## ASSIGNMENT
Wherever pictures appear in the listing below, leave them out, and copy exactly, and only, everything from the line with "-Muster sind bunte" down to the line with "L:2,80m, Vlies, Tapeten".

----- DATASET EXTRACT -----

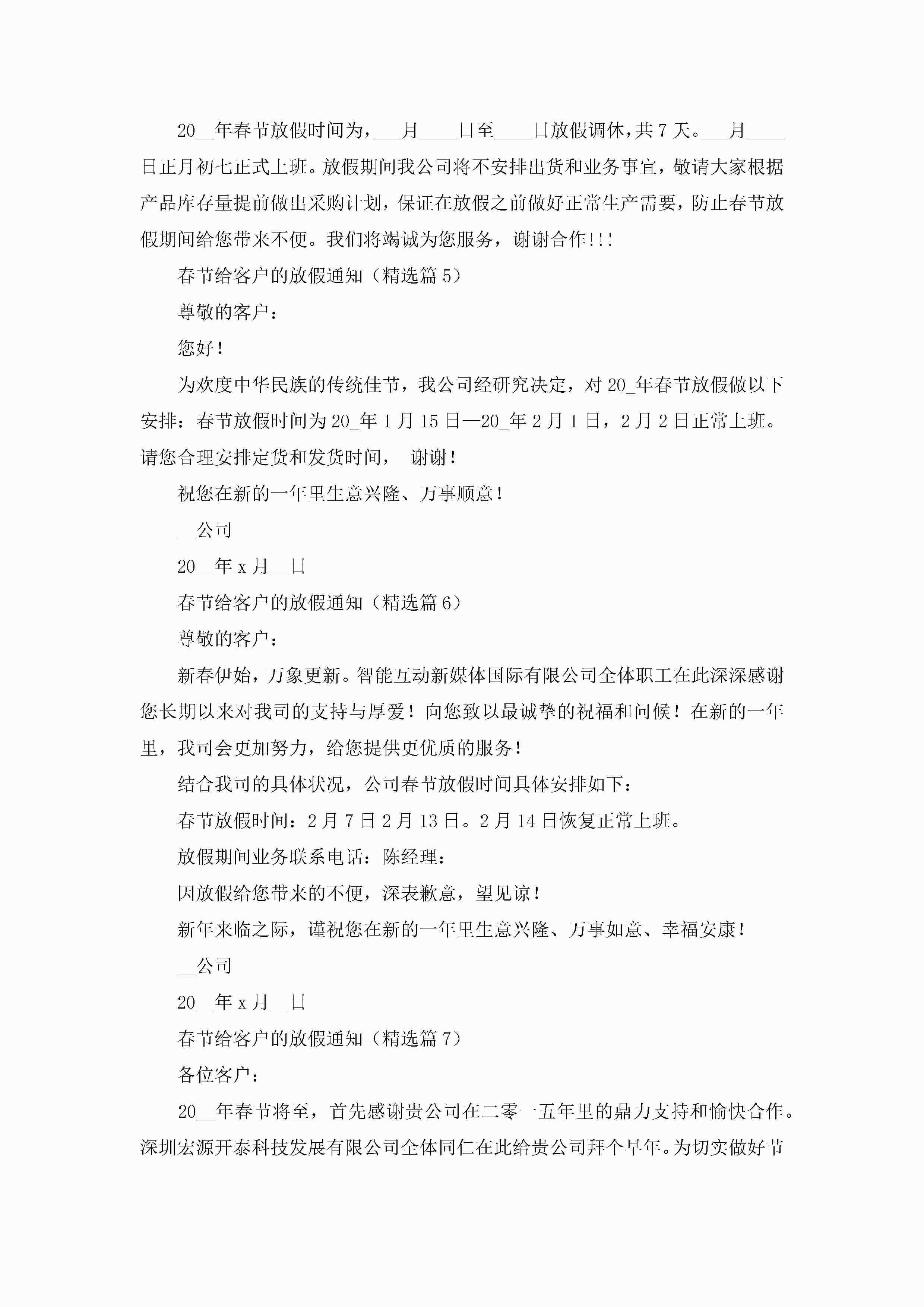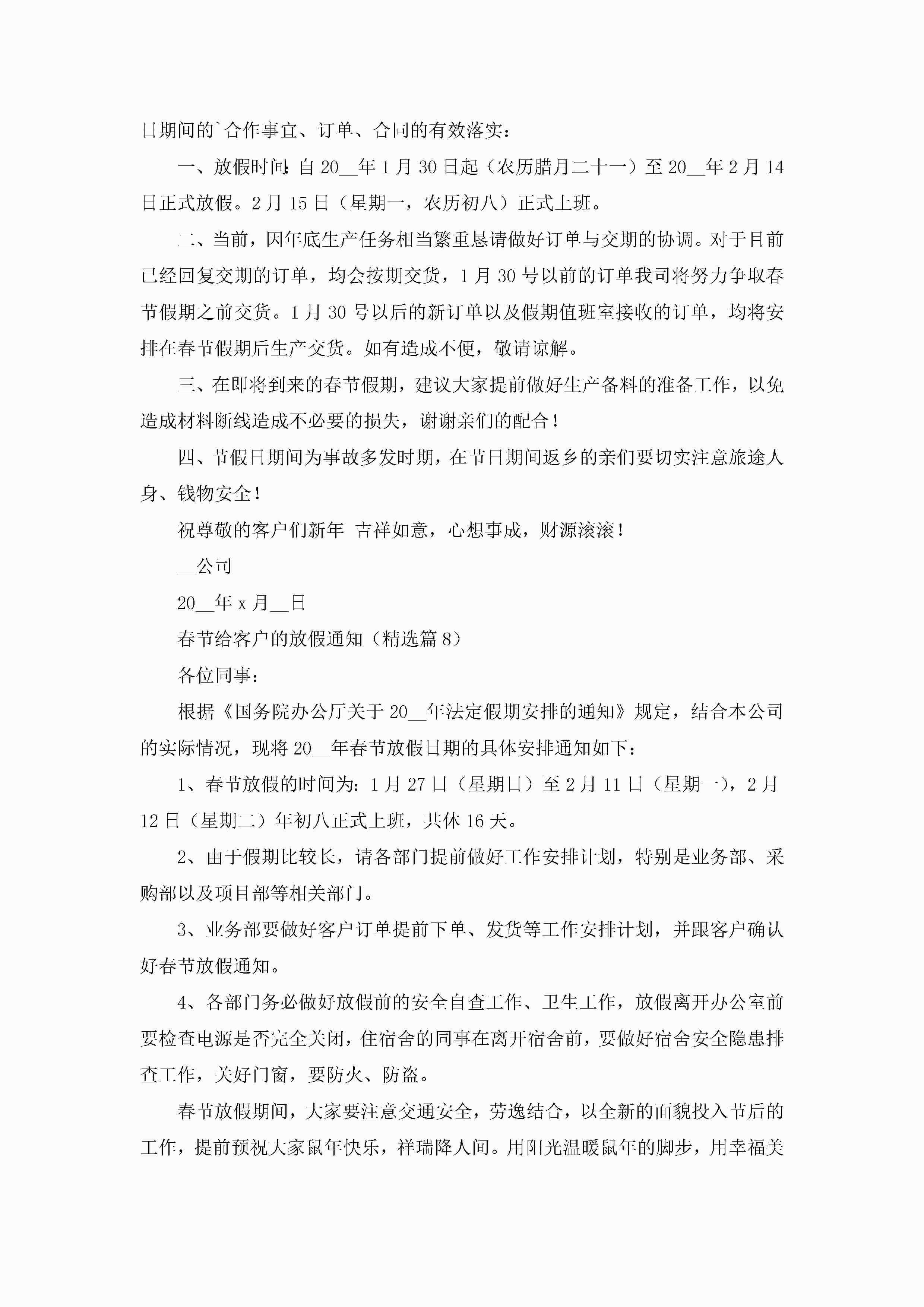 春节给客户的放假通知8篇jugei3月22日 16:25发布关注307 春节给客户的放假通知8篇此内容为付费资源,请付费后查看¥10.9 单篇文档限时特惠¥15个人会员开通企业会员开通立即下载无需登陆!可直接快捷下载单个模板付费资源© 版权声明THE ENDWord模板# 实用文档# 实用模板# 信函模板# 通知书 如有问题,可点击最底部“联系我们”联系客服 分享QQ空间微博QQ好友海报分享复制链接收藏
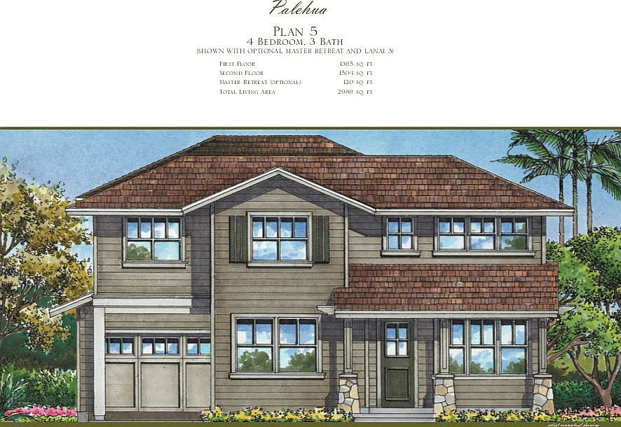 The largest Halekea floor plan. A beautiful spacious home with high ceilings and open floor plan. Perfect for a growing family and entertaining guests. Featuring a luxurious master bedroom upstairs with vaulted ceiling and balcony overlooking the driveway. An adjacent master retreat with a spacious balcony, a walk in closet, and a master bathroom with soaking tub, his-and-her sinks plus a vanity. Upstairs also has a laundry room with stainless steel front load washer and dryer, full bathroom, computer nook, and two bedrooms. Downstairs has a huge open floor plan, carpeted formal living room near the main entrance with open ceiling, dining room and chandler, spacious family room with vaulted ceiling and built in home theater speakers. An open gourmet kitchen with an island, stainless steel appliances, a walk in pantry, and built-in microwave and oven. Marble flooring stretches across the first floor. A bedroom and full bathroom are also located on the first floor, perfect for guests or in-laws. Lanais at both front and rear entrances, a landscaped yard with irrigation system, spacious 2 car garage with belt driven garage door motor, a long driveway to fit 3 vehicles or entertain guest outdoors, central air conditioning, solar water heater, 120 gallon electric water heater, CAT5e wired home network in every room, and ceiling fans throughout the home. Located within walking distance to Hawaii Prince Golf Course and Laulani Village Shopping Center. A short drive to Ka Makana Ali'i Mall in Kapolei. TMK does not match public record. Approximate total floor area is 4,106 sqft.
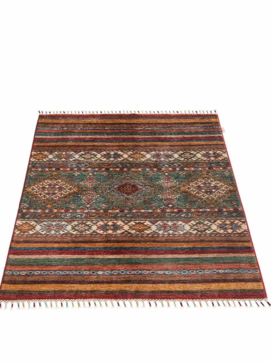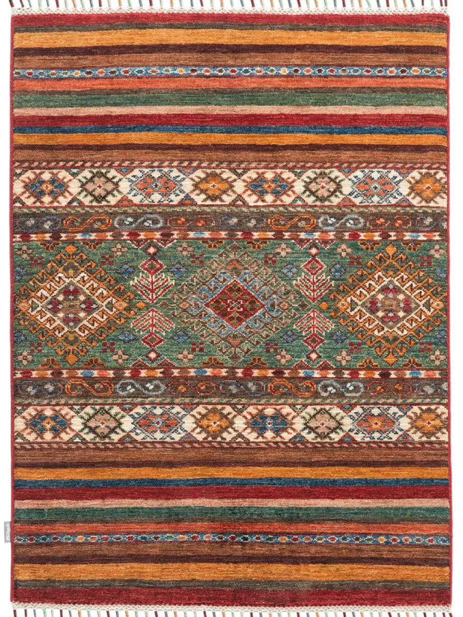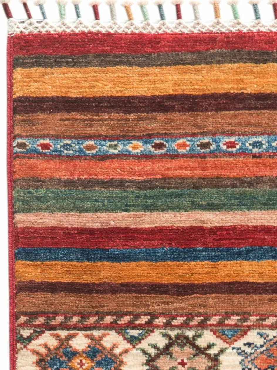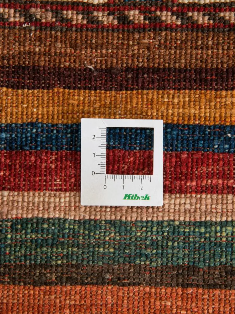 -Muster sind bunte Längsstreifen mit vielen verschiedenen Motiven gefüllt. Durch den flachen und festen Flor ist der Teppich unempfindlich gegenüber den Belastungen des Alltags.- Das Besondere an diesemOrientteppich
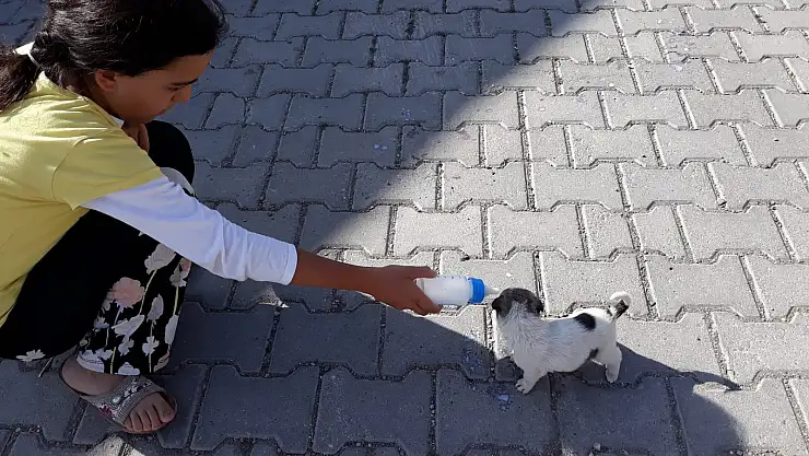 Ağrı'da sokakta bulduğu sahipsiz yavru köpeğe sahip çıkan kız çocuğu köpeği biberon ile besleyerek hayatta kalmasını sağlıyor.
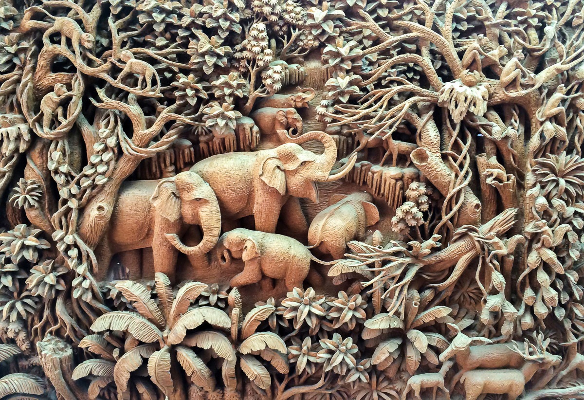 Fototapete PAPERMOON "Elefanten im Wald", bunt, B:5,00m L:2,80m, Vlies, Tapeten
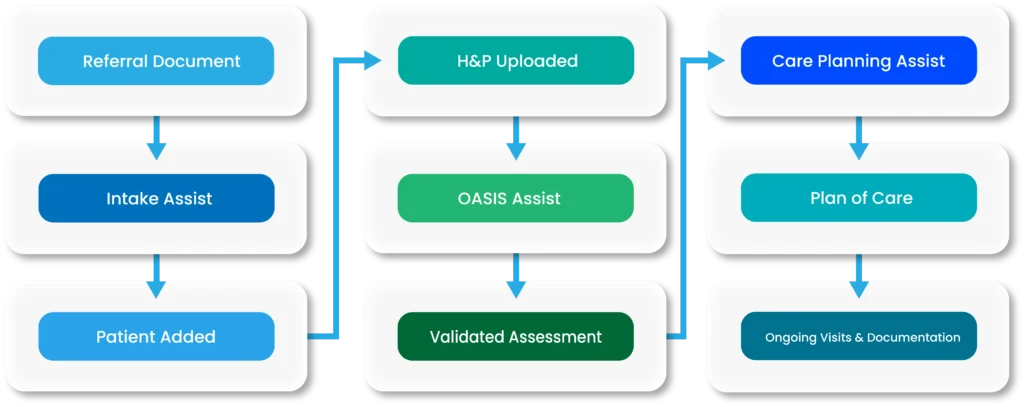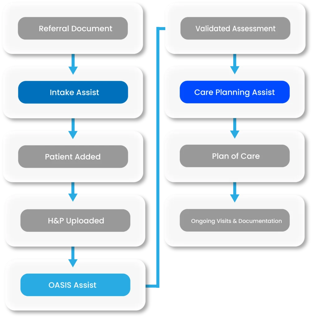 Each integration builds on the previous one. Documents extracted by Intake Assist inform the OASIS process. Validated OASIS data powers Care Planning recommendations. The result: a complete, accurate patient record with a goal-focused care plan in a fraction of the time.
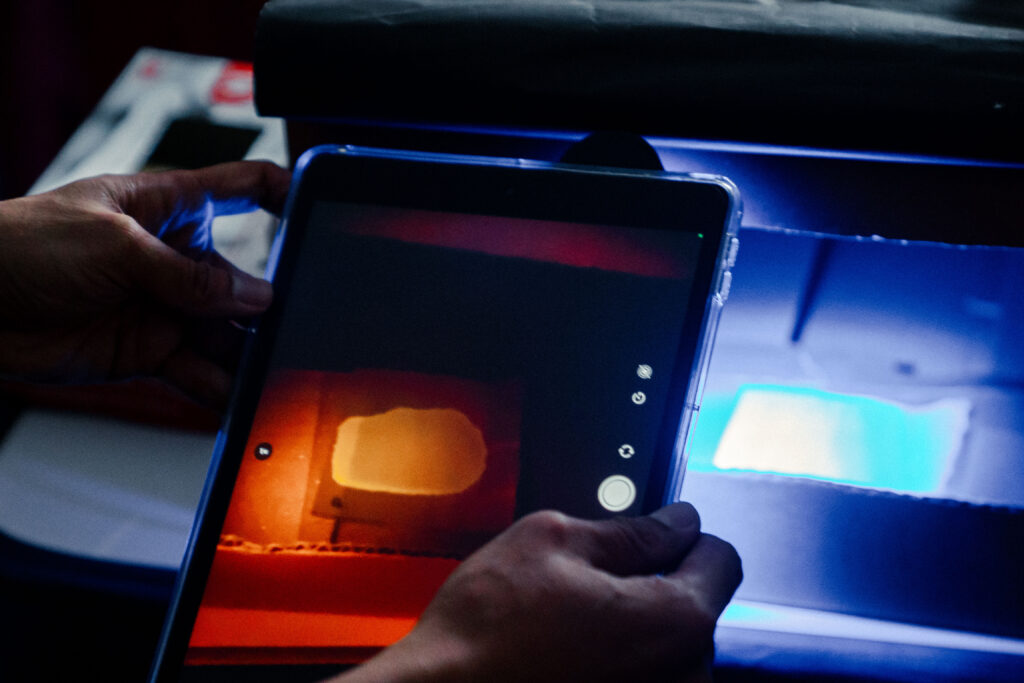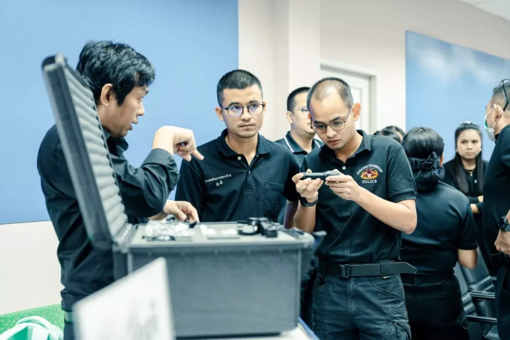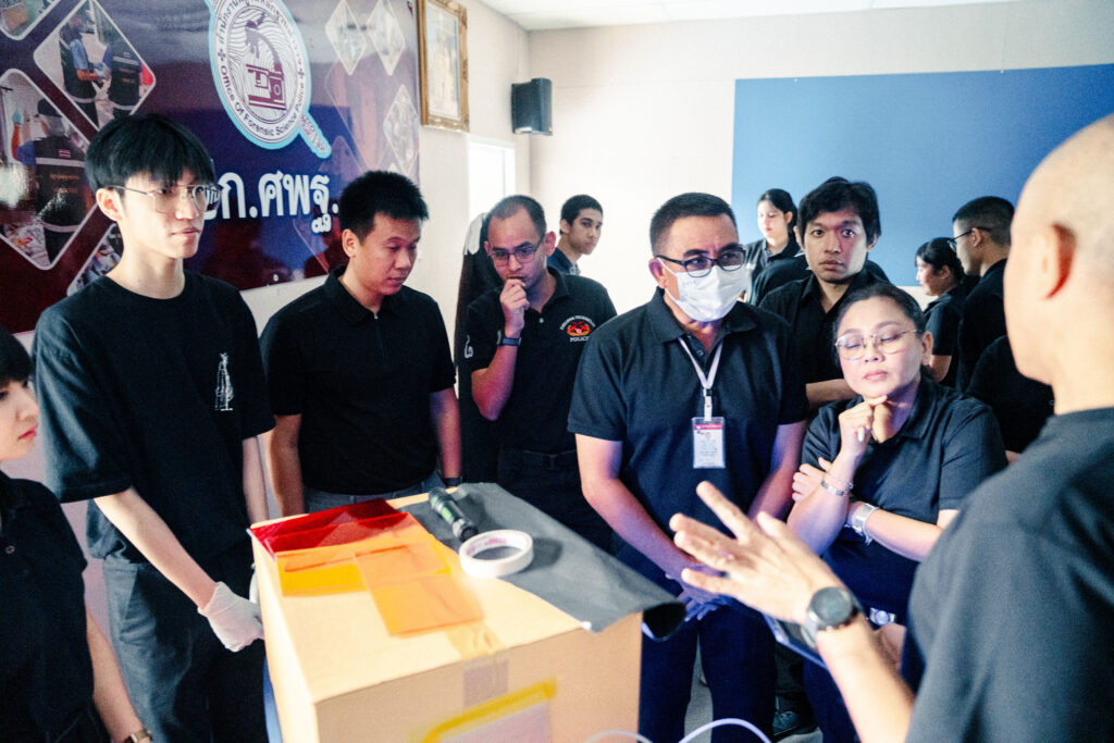 On Friday, October 31, 2025, Assoc. Prof. Dr. Chittanon Buranachai and Dr. Kittirat Phooplub, faculty members of TAB-CoE, together with a research team from the Forensic Science Innovation and Service Center led by Assoc. Prof. Dr. Phuvadol Thanakiatkrai, visited the Police Forensic Science Center 9 in Songkhla to demonstrate the use of an innovative device for detecting biological evidence at crime scenes and for forensic photography, known as “WATSON.” This innovation was developed by researchers from the Faculty of Science, Prince of Songkla University, with research and innovation funding support from the National Research Council of Thailand (NRCT). The event was honored by the presence of Pol. Maj. Gen. Phanu Phitayawetchwiwat, Commander of the Police Forensic Science Center 9, along with forensic officers who attended the demonstration and participated in hands-on trials of the device.
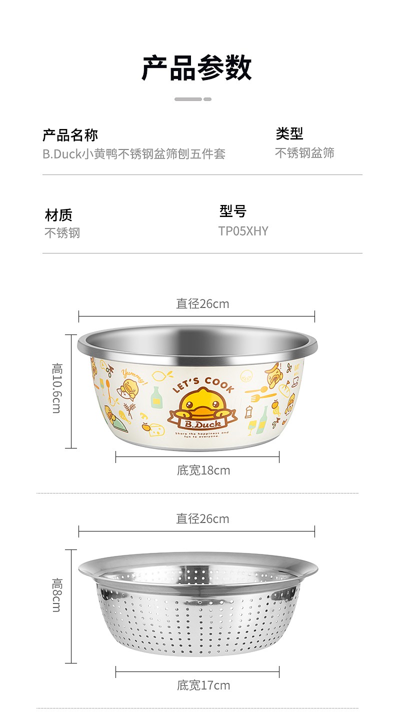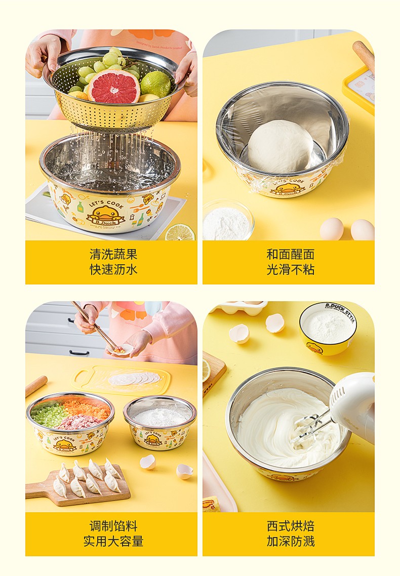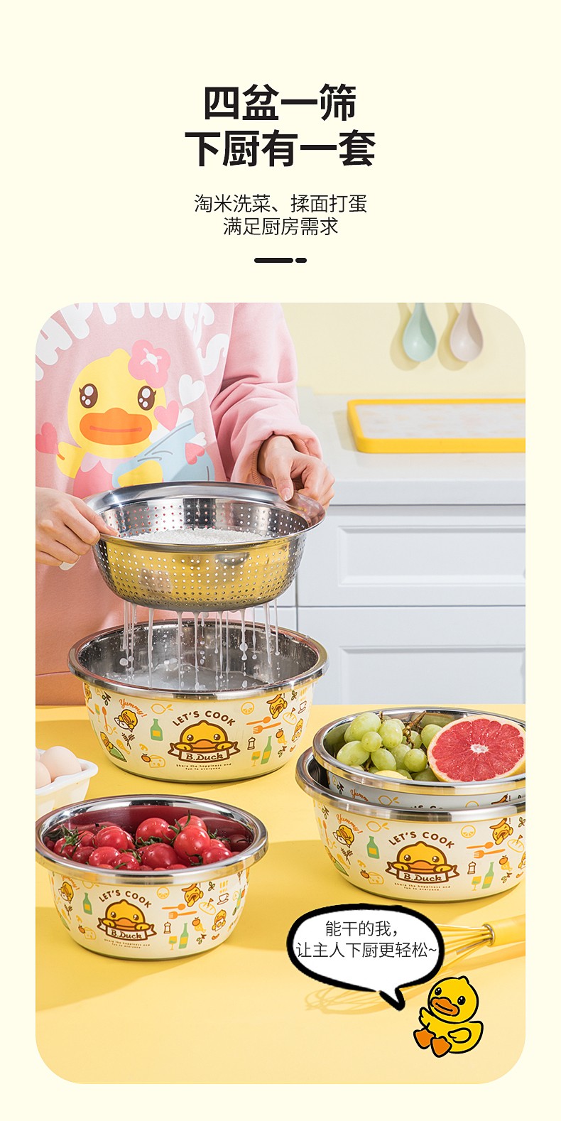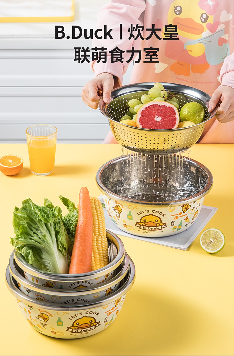 炊大皇B.Duck小黄鸭不锈钢盆筛刨三件套
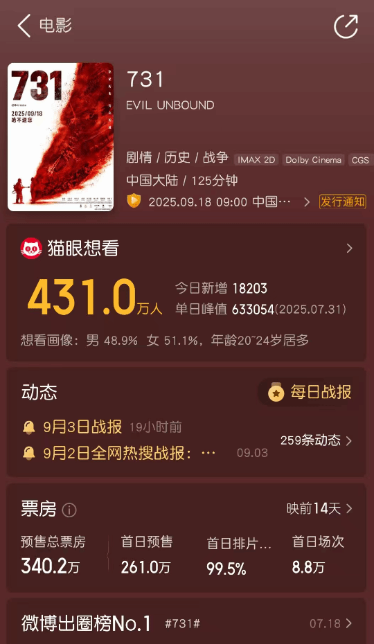 📈 **强劲的市场表现与排片优势**: 距离9月18日上映还有14天,《731》的预售热度已持续走高,预售总票房突破340万元,其中首日预售票房高达261万元。更值得关注的是,影片首日排片占比高达99.5%,预计将有8.8万场次在全国范围内同步上映,这充分体现了市场对其的高度认可和期待。
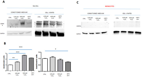 To examine whether IGFBP-6 could be found free in the conditioned medium upon hyperthermia, we applied a protocol by which not were only Mo-DCs incubated at 39 °C for 88 h (16 h at 39 °C and 72 h at 37 °C) (Figure 2A) but also the conditioned medium was concentrated 100×. In parallel, Mo-DCs were incubated with H2O2 for overall 75 h (3 h with the stimulus and 72 h without) (Figure 2A). H2O2 has already been shown to induce IGBP-6 secretion in a dose-dependent manner [12]. Monocytes were treated in the same manner as Mo-DCs (Figure 2B).
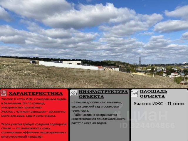 Продается участок 8.8 соток под строительство дома в селе Мирное! Мечтаете о собственном доме в тихом и живописном месте? Тогда это предложение для вас! Почему этот участок? 8.8 соток, категория ИЖС с четкими границами — идеальный размер для строительства дома и обустройства сада. Удобный подъезд по хорошей грунтовой дороге. Рядом уже есть газ и электричество — все для комфортной жизни. Участок находится в спокойном районе с жилой застройкой, где соседи активно строятся и живут круглый год. Природа и экология: Рядом лес и озеро — свежий воздух, прогулки и отдых на природе прямо под боком. Тишина и уют — идеальное место для жизни за городом. Инфраструктура: В шаговой доступности: школа, детский сад, магазины и остановки общественного транспорта. До центра Симферополя всего 10 минут на машине. До моря — 35 км, что удобно для поездок на пляж. Документы: Все оформлено по закону, готово к сделке. Не упустите шанс! Звоните прямо сейчас, чтобы узнать подробности и организовать просмотр участка. Добавляйте объявление в избранное, чтобы не потерять! Номер объекта: 2695198 Код пользователя: 156394 Номер в базе: 2695198 Продаю участок ижс.

-----

## SOLUTION
 -Muster sind bunte Längsstreifen mit vielen verschiedenen Motiven gefüllt. Durch den flachen und festen Flor ist der Teppich unempfindlich gegenüber den Belastungen des Alltags.- Das Besondere an diesemOrientteppich
 Ağrı'da sokakta bulduğu sahipsiz yavru köpeğe sahip çıkan kız çocuğu köpeği biberon ile besleyerek hayatta kalmasını sağlıyor.
 Fototapete PAPERMOON "Elefanten im Wald", bunt, B:5,00m L:2,80m, Vlies, Tapeten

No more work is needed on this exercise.